------ Supplied material

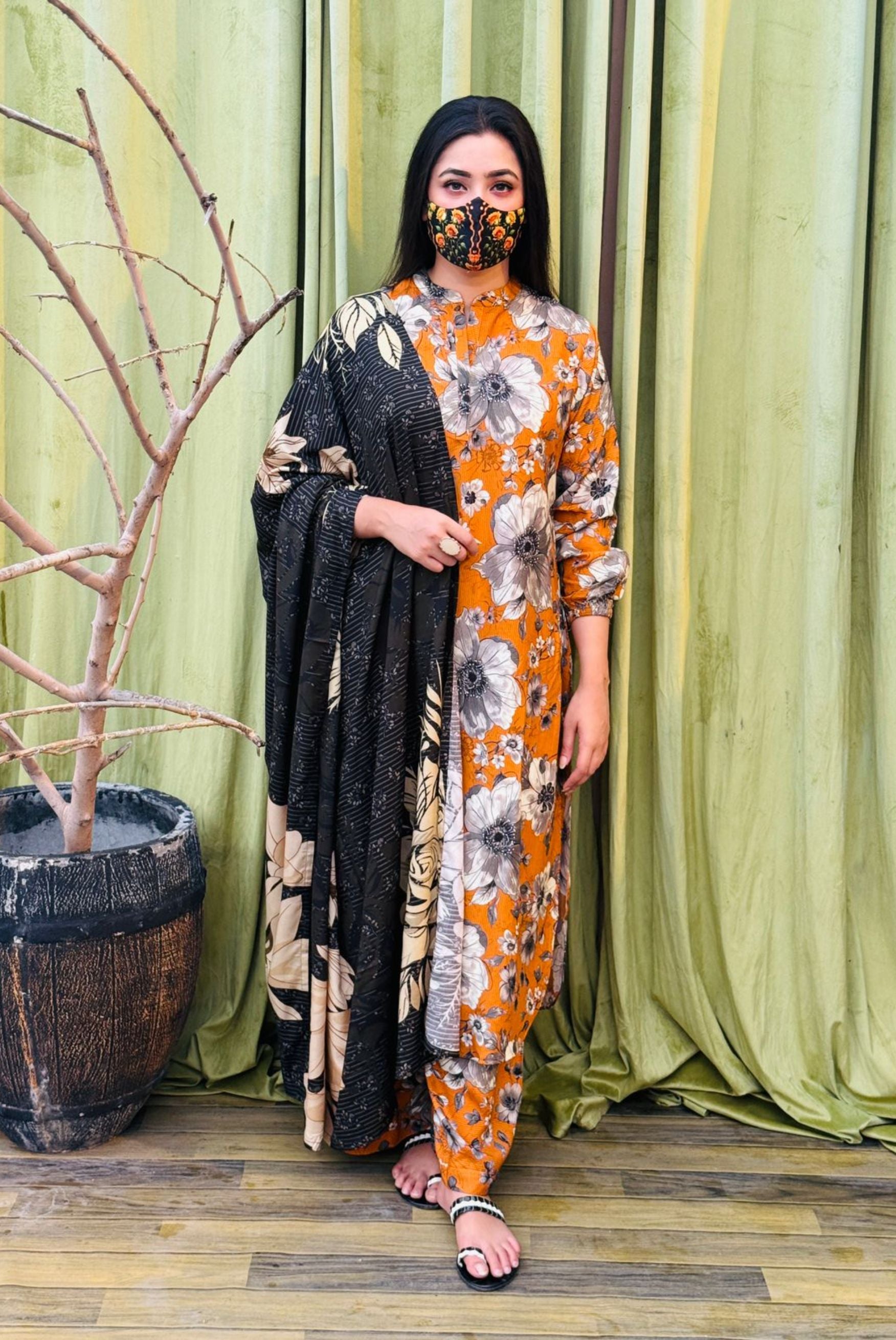 A Stylish Printed Shirt With Decorous Prints Is Paired Up With Trouser And Dupatta Which Is A Perfect Match For Any Occasion
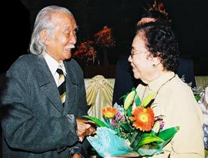 | GS Vũ Đình Hoè (năm 95 tuổi) và nguyên Bộ trưởng Bộ GD Nguyễn Thị Bình. Ảnh: Bùi Tuấn |
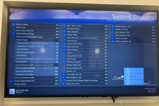 Center for Emotional Health is an mental health treatment center that provides outpatient treatment for men and women from 18+ years of age. As part of their special programs, Center for Emotional Health To help patients achieve sobriety, Center for Emotional Health provides intake assessments. Afterward, patients receive during treatment. Center for Emotional Health is located in Gastonia, North Carolina, providing treatment for people in Gaston County, accepting cash or self-payment.
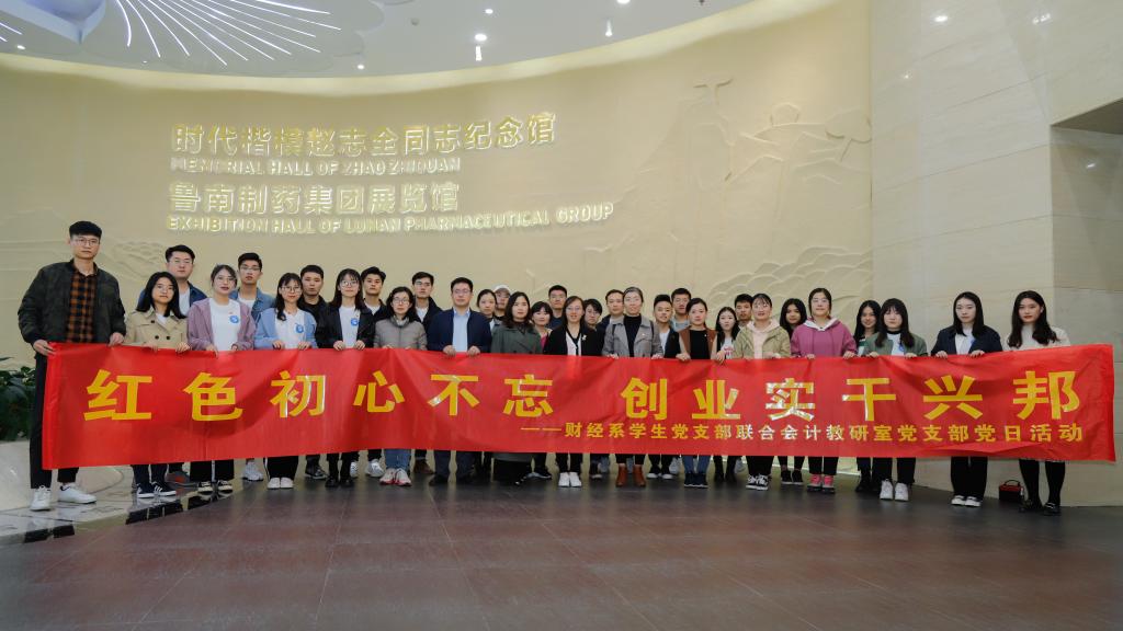 10月19日上午,yl23455永利,yl6809永利官网,yl23411永利集团官网财经系学生党支部与会计教研室支部党员赴鲁南制药集团开展“红色初心不忘 创业实干兴邦”主题党日活动,参观“时代楷模”赵志全同志纪念馆与新时代药业厂区,学习赵志全同志积极作为的精神风貌,激励年轻党员干事创业,勇做时代担当。

------------

What you should do:
Setting the pictures aside, return exactly the lines from the line with "Ảnh: Bùi Tuấn |" through the last line of the listing above.

Task output:
 | GS Vũ Đình Hoè (năm 95 tuổi) và nguyên Bộ trưởng Bộ GD Nguyễn Thị Bình. Ảnh: Bùi Tuấn |
 Center for Emotional Health is an mental health treatment center that provides outpatient treatment for men and women from 18+ years of age. As part of their special programs, Center for Emotional Health To help patients achieve sobriety, Center for Emotional Health provides intake assessments. Afterward, patients receive during treatment. Center for Emotional Health is located in Gastonia, North Carolina, providing treatment for people in Gaston County, accepting cash or self-payment.
 10月19日上午,yl23455永利,yl6809永利官网,yl23411永利集团官网财经系学生党支部与会计教研室支部党员赴鲁南制药集团开展“红色初心不忘 创业实干兴邦”主题党日活动,参观“时代楷模”赵志全同志纪念馆与新时代药业厂区,学习赵志全同志积极作为的精神风貌,激励年轻党员干事创业,勇做时代担当。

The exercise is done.